# Assignment
Any pictures in the records below must be left out when you repeat the lines from the line containing "10 kpl valokuvarekvisiittaa" through the line containing "(Penn球杆]儿童高尔夫套杆7支杆含球包 Penn11至13岁男孩 比赛球杆 正品特惠" exactly.

Dataset records:
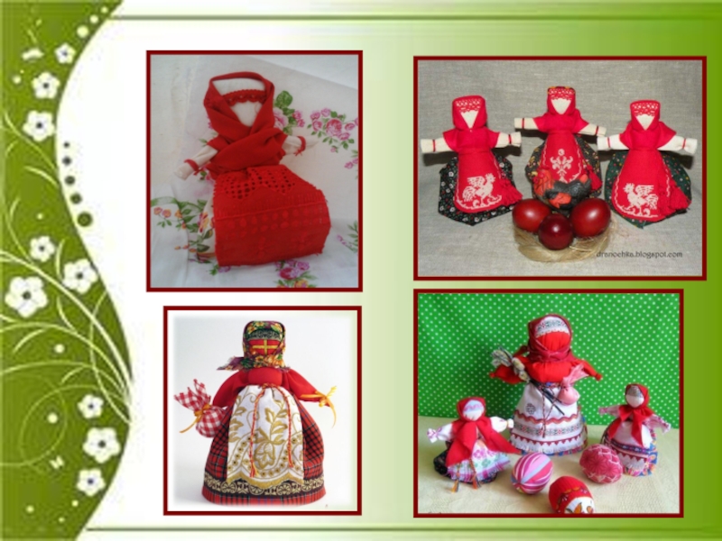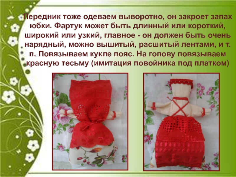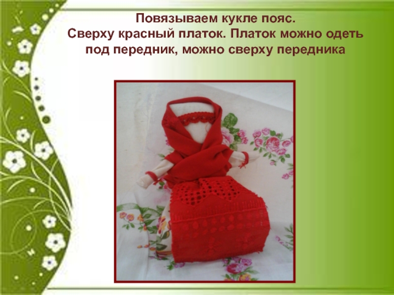 должен быть очень нарядный, можно вышитый, расшитый лентами, и т.п. Повязываем кукле пояс. На голову повязываем красную тесьму (имитация повойника под платком)
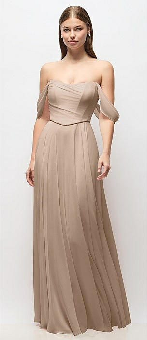 Off-the-Shoulder Basque Corset Chiffon Maxi Dress in topaz
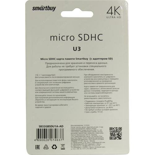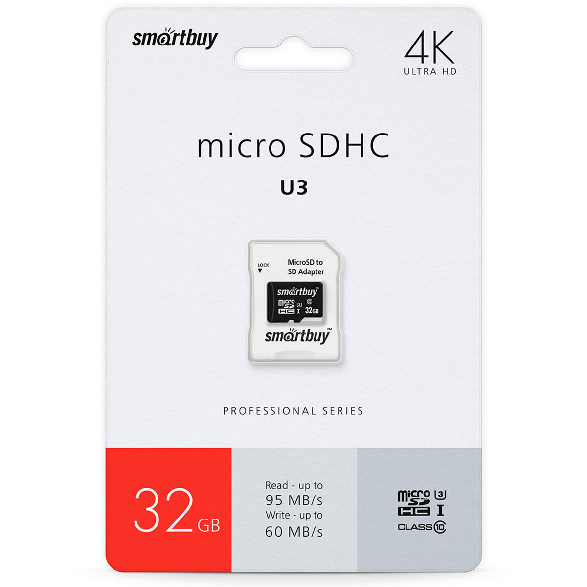Карта памяти SmartBuy MicroSD 32Gb Class 10 Pro UHS-I U3 SB32GBSDCL10U3L-01 + adapter
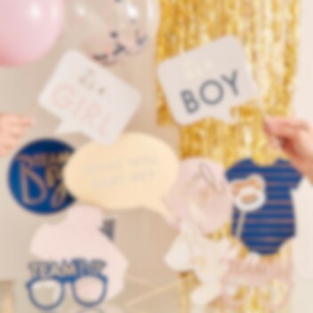 10 kpl valokuvarekvisiittaa kauniissa väreissä erilaisilla vauva-aiheilla. Sinä ja vieraasi voitte käyttää näitä ottaaksenne hauskoja kuvia Gender Reveal juhlien aikana.
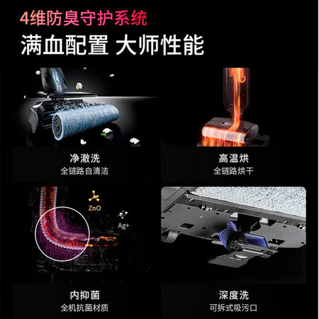 特色功能:毛发防缠绕,语音提示,除菌,一键自清洁,脏污智能感应,180°平躺
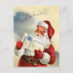 Customisable Vintage Santa Claus holding a gift Christmas postcard.
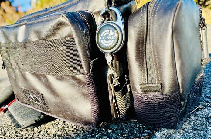 私はラインカッターとスナップを付けておかっぱりバッグに取り付けています。
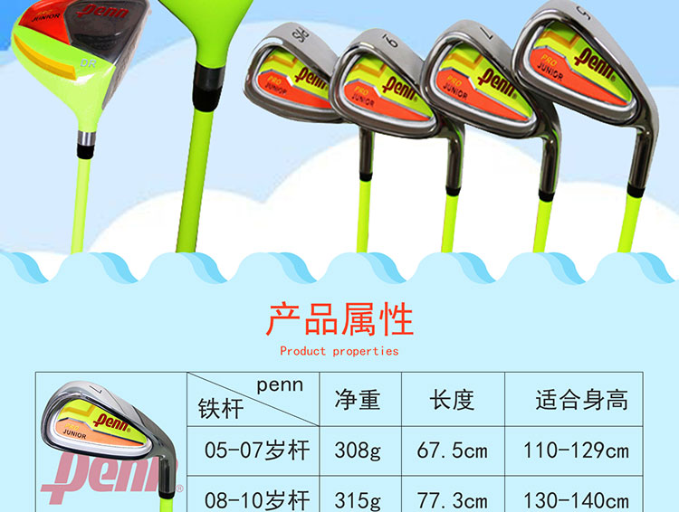 (Penn球杆]儿童高尔夫套杆7支杆含球包 Penn11至13岁男孩 比赛球杆 正品特惠
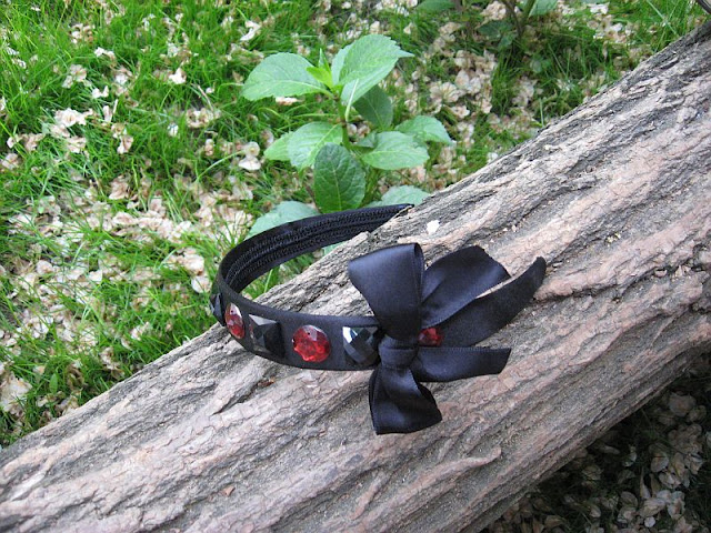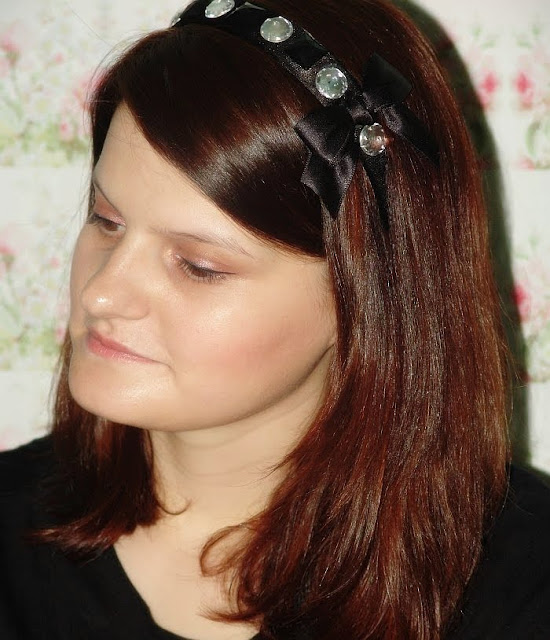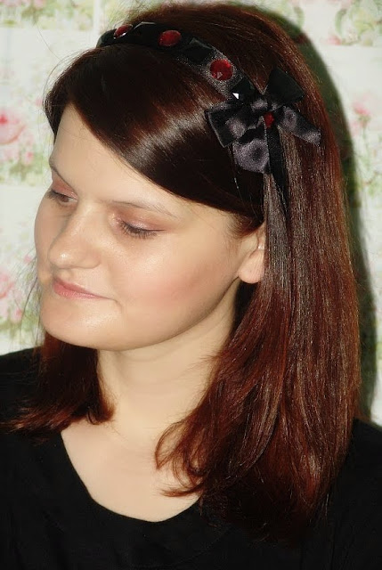 Descriere: Bentita lata din saten cu cristale rotunde rosu inchis, cristale patrate si o funda neagra din saten inspirata de personajul Jenny Humphrey din Gossip Girl:).
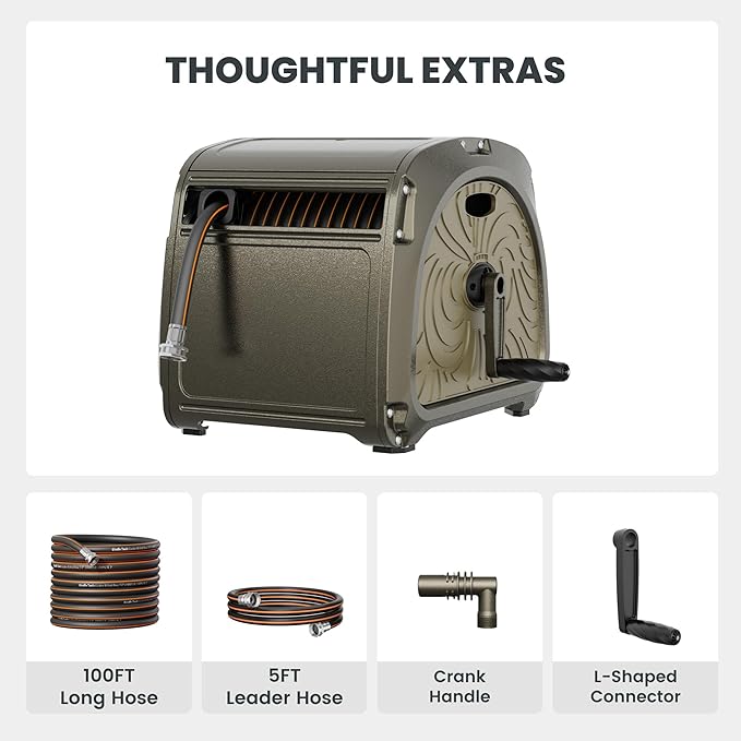 - COVER EVERY CORNER: The heavy-duty hose reel is pre-installed with a 5/8'' 100 ft hybrid hose, which can cover every corner of your garden and complete daily cleanings and waterings.
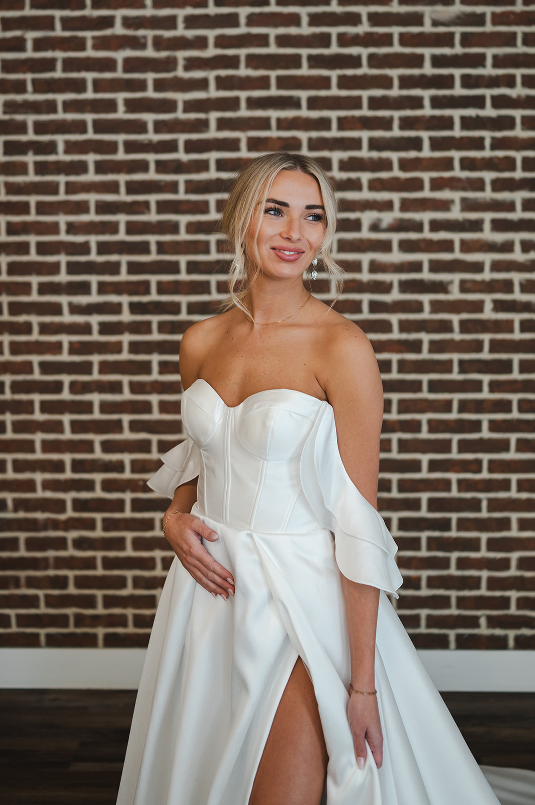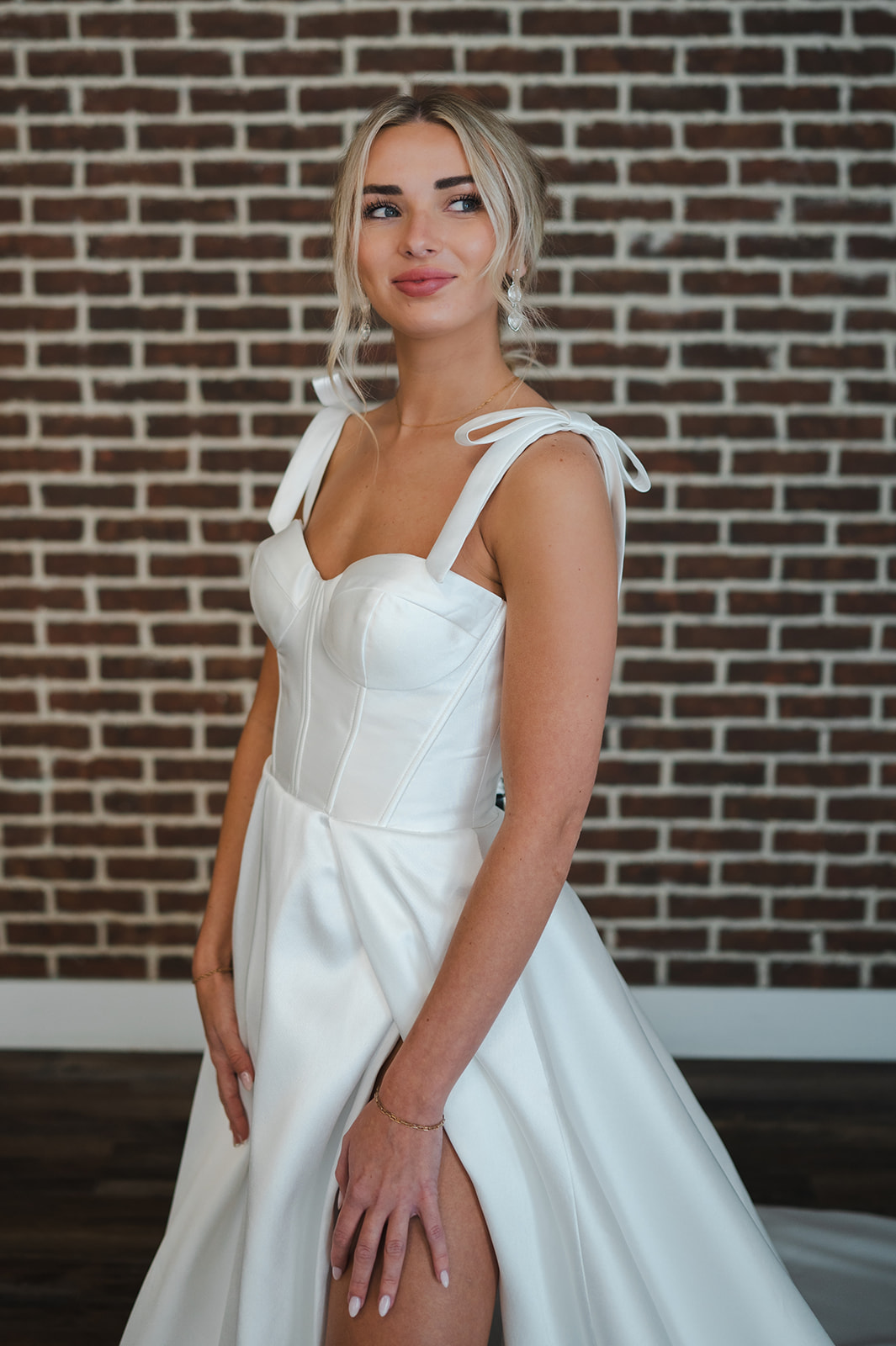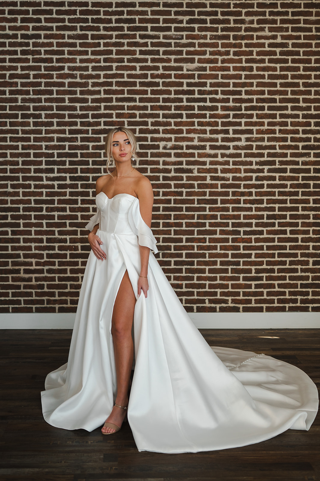Check out the details on the Ella gown! Crafted in a structured Mikado satin and completed with boning details and a high slit. Detachable straps give you the freedom to choose between bow straps, off-the-shoulder, or strapless.

# Result
 10 kpl valokuvarekvisiittaa kauniissa väreissä erilaisilla vauva-aiheilla. Sinä ja vieraasi voitte käyttää näitä ottaaksenne hauskoja kuvia Gender Reveal juhlien aikana.
 特色功能:毛发防缠绕,语音提示,除菌,一键自清洁,脏污智能感应,180°平躺
 Customisable Vintage Santa Claus holding a gift Christmas postcard.
 私はラインカッターとスナップを付けておかっぱりバッグに取り付けています。
 (Penn球杆]儿童高尔夫套杆7支杆含球包 Penn11至13岁男孩 比赛球杆 正品特惠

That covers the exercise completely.